> [Instructions to follow]
A word-for-word copy is needed of the line containing "11月 3歳以上献立表" and every line after it through the end of the records below, leaving out all pictures.

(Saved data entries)

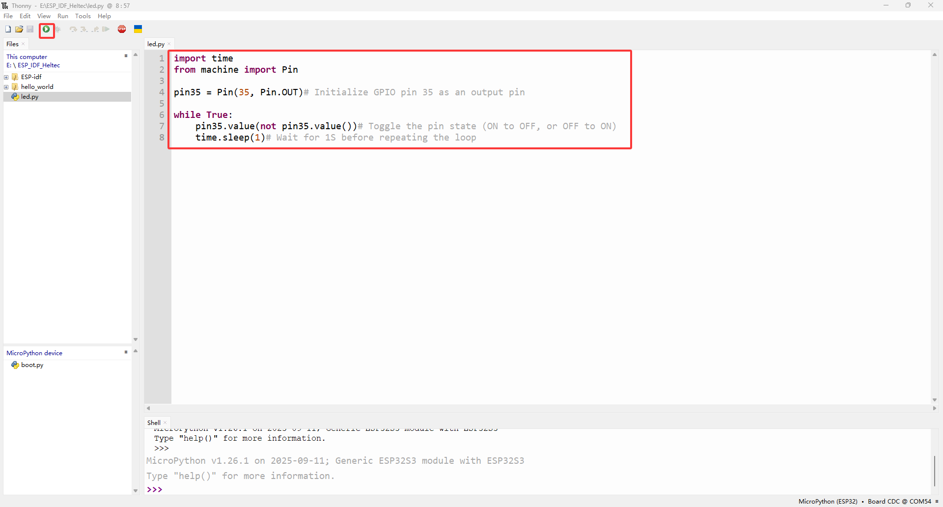 pin35.value(not pin35.value())# Toggle the pin state (ON to OFF, or OFF to ON)
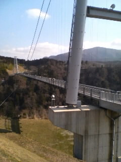 一週間ぶりの 晴天に恵まれた 九州の旅 2009/3/2 添乗員の旅ブログ 大分件九重にあり 人道専用橋としては 日本一の規模 長さ 390m高さ173m 平成16年5月着工 完成18年10月 総工費約20億円 赤の紅葉ではいんと美しいと言う
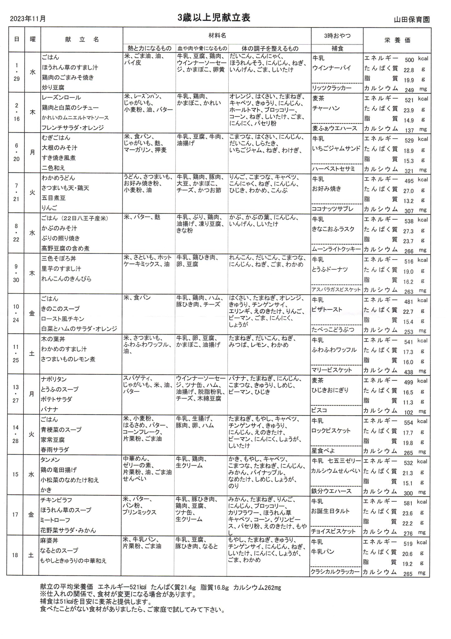 11月 3歳以上献立表
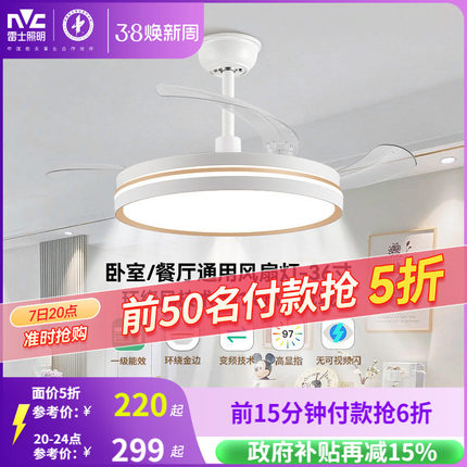 雷士照明客厅餐厅家用风扇吊灯简约现代电扇灯具隐形风扇灯吊扇灯
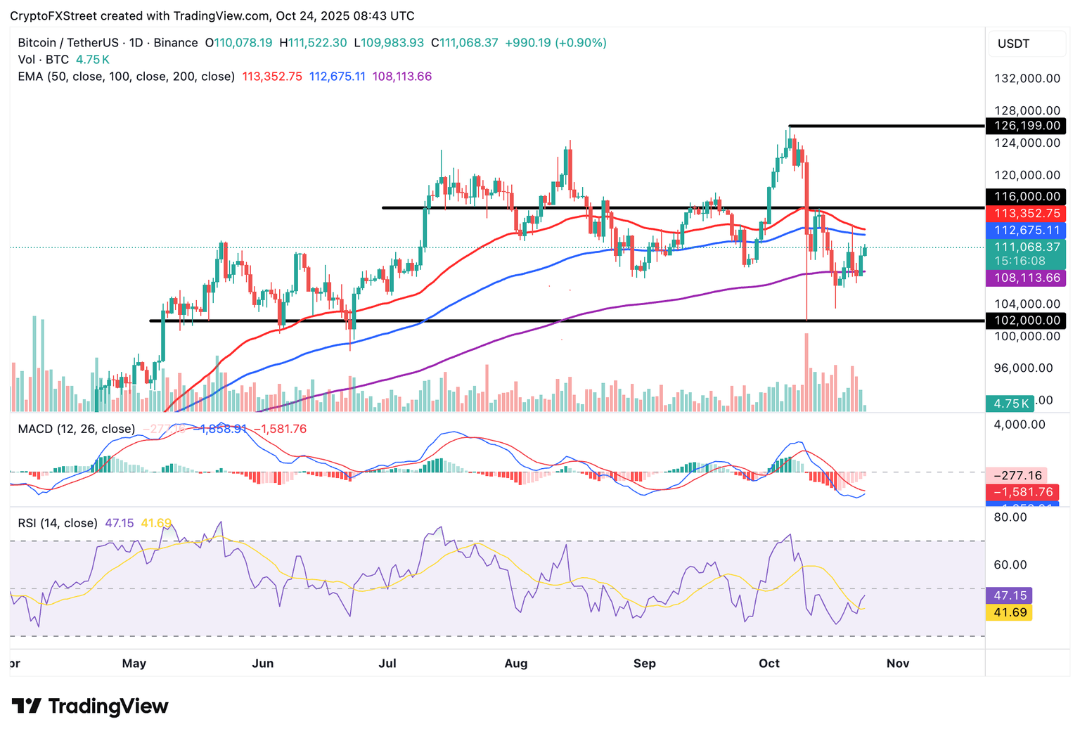 Bitcoin está extendiendo su pierna al alza por encima de 111.000$ en el momento de escribir, ya que el apetito por el riesgo regresa lentamente en el mercado de criptomonedas. El cruce alcista del Índice de Fuerza Relativa (RSI) y su posición en 47 en el gráfico diario indican que el impulso alcista está listo para aumentar.

> [Result for this task]
 11月 3歳以上献立表
 雷士照明客厅餐厅家用风扇吊灯简约现代电扇灯具隐形风扇灯吊扇灯
 Bitcoin está extendiendo su pierna al alza por encima de 111.000$ en el momento de escribir, ya que el apetito por el riesgo regresa lentamente en el mercado de criptomonedas. El cruce alcista del Índice de Fuerza Relativa (RSI) y su posición en 47 en el gráfico diario indican que el impulso alcista está listo para aumentar.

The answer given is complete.